Ákos Kalmár

Personal information
- National team: Hungary
- Born: 11 January 2000 (age 26) Baja, Hungary

Sport
- Sport: Swimming
- Strokes: Freestyle

Medal record
Men's swimming
Representing Hungary
World Junior Championships
| Gold medal – first place | 2017 Indianapolis | 4×200 m freestyle |
European Junior Championships
| Gold medal – first place | 2017 Netanya | 400 m freestyle |
| Gold medal – first place | 2018 Helsinki | 800 m freestyle |
| Gold medal – first place | 2018 Helsinki | 1500 m freestyle |
| Silver medal – second place | 2017 Netanya | 800 m freestyle |
| Silver medal – second place | 2017 Netanya | 1500 m freestyle |

= Ákos Kalmár =

Hungarian swimmer (born 2000)

Ákos Kalmár (born 11 January 2000) is a Hungarian swimmer.

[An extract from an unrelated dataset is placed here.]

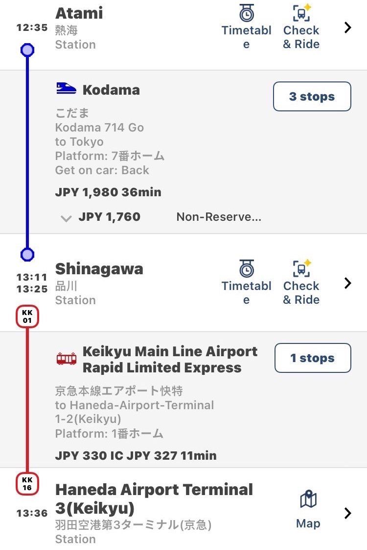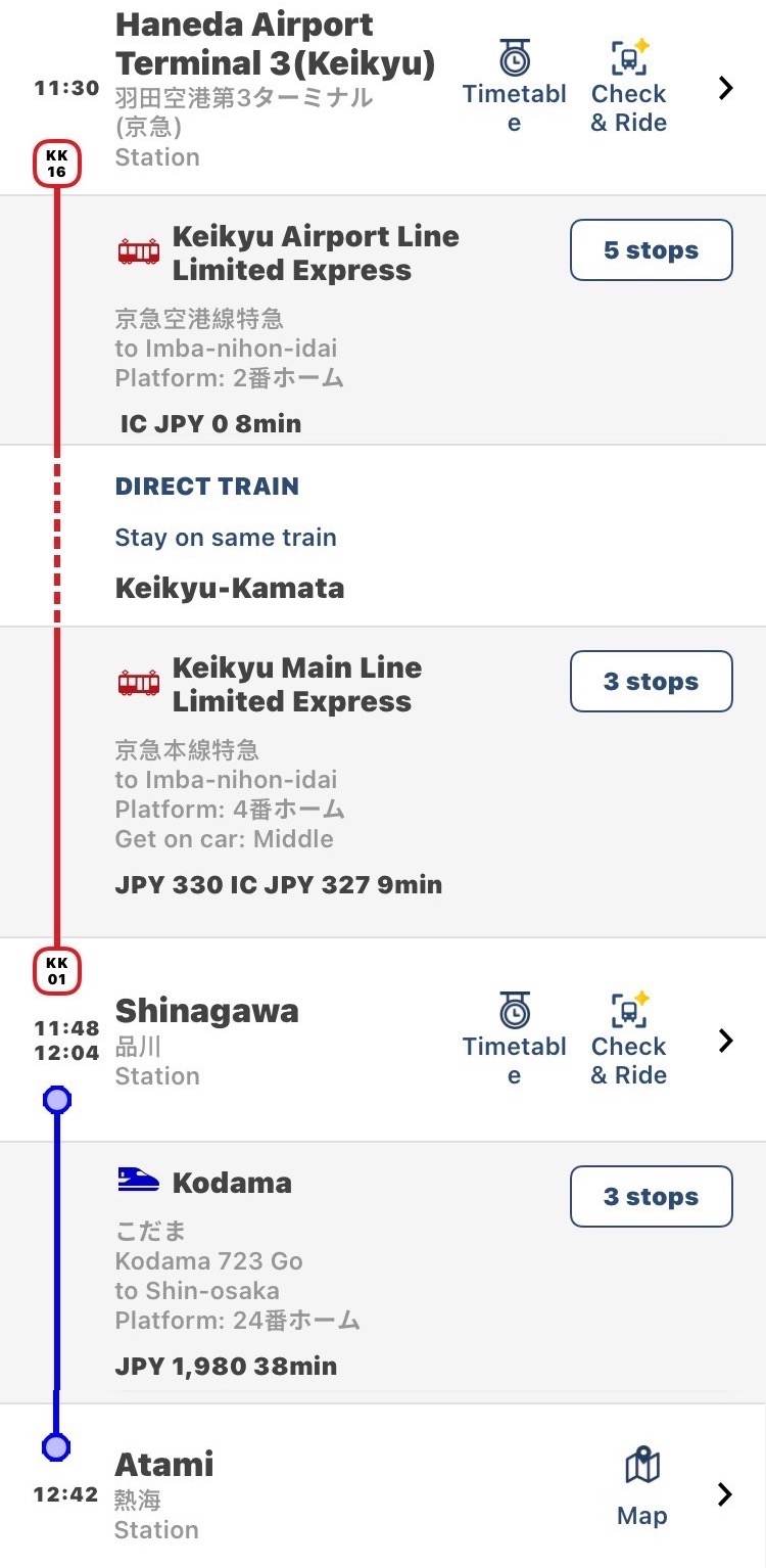 The times in this screenshot are an example. Allow yourself 35 minutes to get to Shinagawa station, 20 minutes to locate the Shinkansen ticket machine and buy your tickets, and 10 minutes to get to platform 24 for the Shinkansen.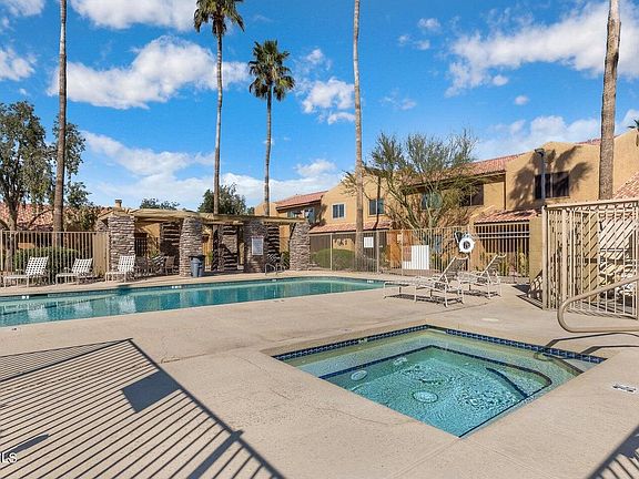 Amazing 1 bed 1 bath condo nestled at the base of South Mountain in South Phoenix! Adorned with new wood plank-like floors, updated paint, and elegant tiled kitchen and bathroom floors. The kitchen boasts granite counters, while carport parking, storage, and water/sewer/trash included add convenience. Relax in the community pool, savoring mountain views from the patio. With a prime location, this condo offers an enticing lifestyle, encompassing urban delights and natural wonders. Perfect rental for an investor or great lock and leave for out of towners. This won't last long!

In 2018, he represented Hungary at the 2018 Summer Youth Olympics held in Buenos Aires, Argentina.

In 2019, he represented Hungary at the 2019 World Aquatics Championships held in Gwangju, South Korea. He competed in the men's 800 metre freestyle and men's 1500 metre freestyle events. He also competed in the men's 4 × 200 metre freestyle relay event.